Required work ▸
Reproduce all of the data exactly. Images are not to appear in the reply.

Dataset extract ▸
....................
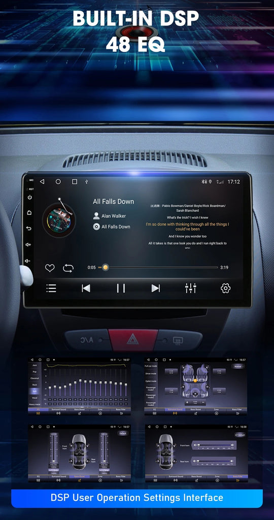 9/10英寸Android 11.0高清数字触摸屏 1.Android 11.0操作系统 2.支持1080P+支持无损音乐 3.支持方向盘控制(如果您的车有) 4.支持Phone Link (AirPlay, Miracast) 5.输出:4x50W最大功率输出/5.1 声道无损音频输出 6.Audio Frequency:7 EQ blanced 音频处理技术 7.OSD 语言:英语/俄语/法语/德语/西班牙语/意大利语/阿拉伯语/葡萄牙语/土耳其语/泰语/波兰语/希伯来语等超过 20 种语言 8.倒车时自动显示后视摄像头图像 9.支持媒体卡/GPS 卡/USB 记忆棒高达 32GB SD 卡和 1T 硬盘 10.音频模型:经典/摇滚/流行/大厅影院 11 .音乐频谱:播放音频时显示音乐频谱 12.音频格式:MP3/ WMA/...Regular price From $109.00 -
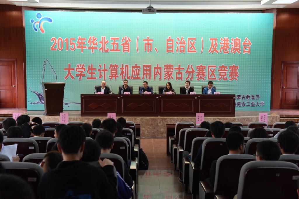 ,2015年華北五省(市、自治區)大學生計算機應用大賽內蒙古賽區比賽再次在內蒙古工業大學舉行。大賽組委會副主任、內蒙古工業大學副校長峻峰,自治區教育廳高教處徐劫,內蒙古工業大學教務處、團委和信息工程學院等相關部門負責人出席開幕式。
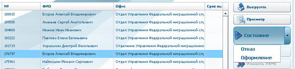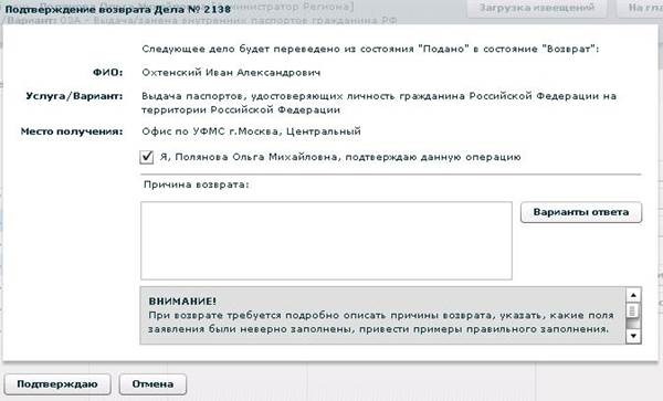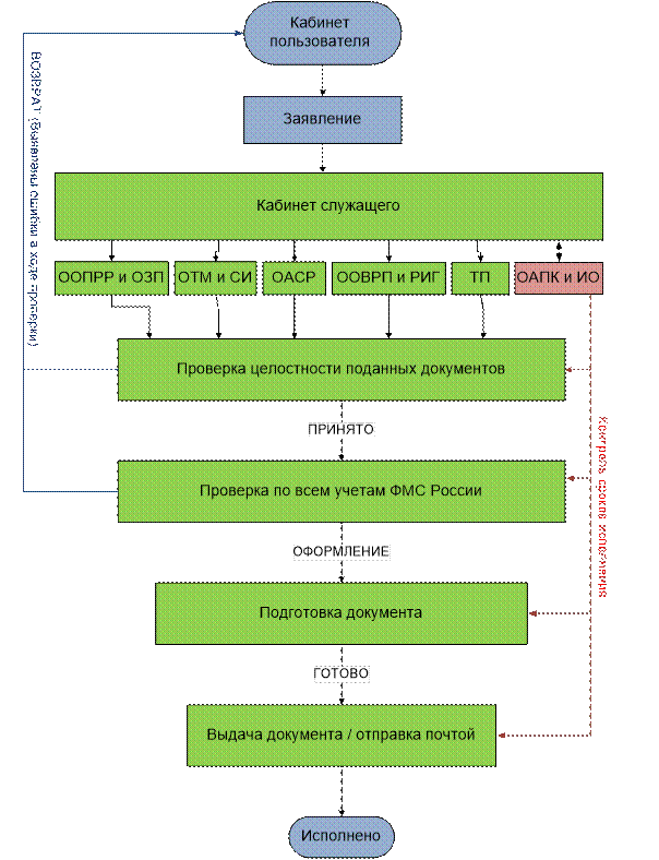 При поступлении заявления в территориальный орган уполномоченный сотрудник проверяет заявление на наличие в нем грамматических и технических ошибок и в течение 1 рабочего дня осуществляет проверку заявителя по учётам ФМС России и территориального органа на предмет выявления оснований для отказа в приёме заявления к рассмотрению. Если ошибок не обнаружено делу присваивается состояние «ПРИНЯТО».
....................
Result for this exercise ▸
 9/10英寸Android 11.0高清数字触摸屏 1.Android 11.0操作系统 2.支持1080P+支持无损音乐 3.支持方向盘控制(如果您的车有) 4.支持Phone Link (AirPlay, Miracast) 5.输出:4x50W最大功率输出/5.1 声道无损音频输出 6.Audio Frequency:7 EQ blanced 音频处理技术 7.OSD 语言:英语/俄语/法语/德语/西班牙语/意大利语/阿拉伯语/葡萄牙语/土耳其语/泰语/波兰语/希伯来语等超过 20 种语言 8.倒车时自动显示后视摄像头图像 9.支持媒体卡/GPS 卡/USB 记忆棒高达 32GB SD 卡和 1T 硬盘 10.音频模型:经典/摇滚/流行/大厅影院 11 .音乐频谱:播放音频时显示音乐频谱 12.音频格式:MP3/ WMA/...Regular price From $109.00 -
 ,2015年華北五省(市、自治區)大學生計算機應用大賽內蒙古賽區比賽再次在內蒙古工業大學舉行。大賽組委會副主任、內蒙古工業大學副校長峻峰,自治區教育廳高教處徐劫,內蒙古工業大學教務處、團委和信息工程學院等相關部門負責人出席開幕式。
 При поступлении заявления в территориальный орган уполномоченный сотрудник проверяет заявление на наличие в нем грамматических и технических ошибок и в течение 1 рабочего дня осуществляет проверку заявителя по учётам ФМС России и территориального органа на предмет выявления оснований для отказа в приёме заявления к рассмотрению. Если ошибок не обнаружено делу присваивается состояние «ПРИНЯТО».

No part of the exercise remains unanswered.